Sorotan Para Pembahas: Bom Intelektual dan Keseimbangan IMTAQ-IMTEK
Dalam sesi diskusi, buku ini mendapat sambutan kritis dan positif dari dua tokoh muda intelektual:
Dr. Asep Kamaludin, M.Si, Wakil Dekan UPN Veteran Jakarta, menyamakan pengalaman membaca buku ini dengan menyelami pemikiran Al-Ghazali di era algoritma.
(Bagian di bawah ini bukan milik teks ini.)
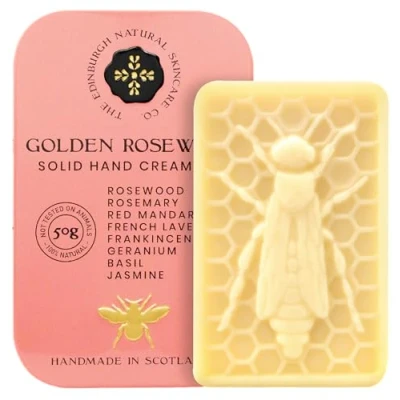 π LUXURY HAND CREAM BAR: This innovative hand cream comes in bars, the new way to keep supple hands all day. A new formula in a multi-tasking Solid Hand Cream Bar leaves your skin feeling wonderfully soft and nourished. πFOR DRY & SENSITIVE HANDS: Golden Rosewood contains notes of Rosemary, Red Mandarin, French Provencal Lavender, Basil, and Jasmine. πNO STICKY-RESIDUE & ANTI-AGEING: This hand cream bar leaves no sticky residue or grease on your skin. It helps fight the signs of premature ageing and help reduce the appearance of age spots and wrinkles on your hands with our hand cream bars. π 100% NATURAL & HANDMADE: Our hand cream bars contain no artificial colouring, preservatives, or fragrance oils. Handmade in the Garden of Scotland and not tested on animals. π PERFECT GIFT: Treat the one you love to a gift of pure luxury. A perfect gift for all occasions!
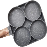 SMARAN 4 Hole Omelet Pan for Burger Eggs Ham Pancake Maker Wooden Handle Frying Pot Non-Stick Cooking Breakfast

Ia menekankan pentingnya konektivitas manusia dengan Sang Maha Pencipta agar tidak kehilangan arah dalam kondisi apa pun.
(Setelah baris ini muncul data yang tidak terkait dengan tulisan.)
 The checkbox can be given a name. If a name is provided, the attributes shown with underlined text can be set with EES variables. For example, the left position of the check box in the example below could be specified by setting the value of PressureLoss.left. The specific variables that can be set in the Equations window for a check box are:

Muhammad Zainal Abidin, Ketua Pemuda ICMI Bali, menyebut buku ini sebagai "bom intelektual yang mengguncang zona nyaman berpikir kita." Ia mengakui judulnya menantang dan berpotensi disalahpahami, namun setelah dibaca tuntas, buku ini justru menawarkan kesadaran bahwa ilmu dan agama adalah sekutu abadi yang membawa manusia mengenal Tuhannya.
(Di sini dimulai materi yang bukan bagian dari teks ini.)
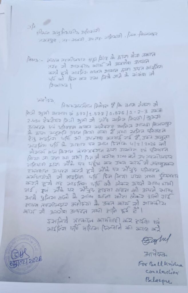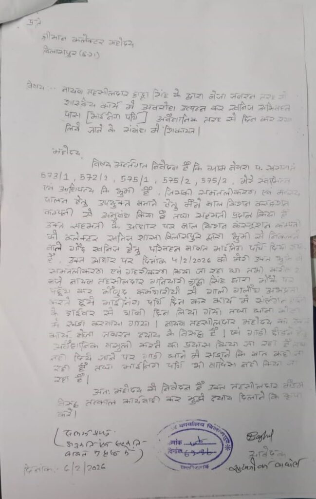 बिलासपुर जिले के गनियारी तहसील क्षेत्र में पदस्थ नायब तहसीलदार की कार्यप्रणाली एक बार फिर विवादों के घेरे में आ गई है। एक किसान और खनन कार्य से जुड़े लोगों ने नायब तहसीलदार श्रद्धा सिंह पर पद के दुरुपयोग, मनमानी कार्रवाई और कथित रूप से रिश्वत मांगने जैसे गंभीर आरोप लगाए हैं।

Secara umum, buku ini dianggap sebagai manifesto spiritual di era digital, yang membumikan warisan pemikiran B.J. Habibie tentang keseimbangan IMTAQ (Iman dan Takwa) dan IMTEK (Ilmu Pengetahuan dan Teknologi).
Sementara antusiasme peserta, yang tidak hanya berasal dari internal Pemuda ICMI namun juga aktivis mahasiswa dan ormas Islam di Bali, melebihi ekspektasi. Diskusi berlangsung hidup, diwarnai pertanyaan kritis yang menunjukkan pengakuan kolektif bahwa masyarakat modern memang tengah mengalami krisis arah.
Buku "Teknologi Tanpa Tuhan" dinilai wajib dibaca saat ini. Ia bukan sekadar bahan koleksi, tetapi sebuah alarm keras yang mengingatkan bahwa jika manusia terlalu lambat berinovasi spiritual, teknologi akan menjadi terlalu kuat untuk dikendalikan.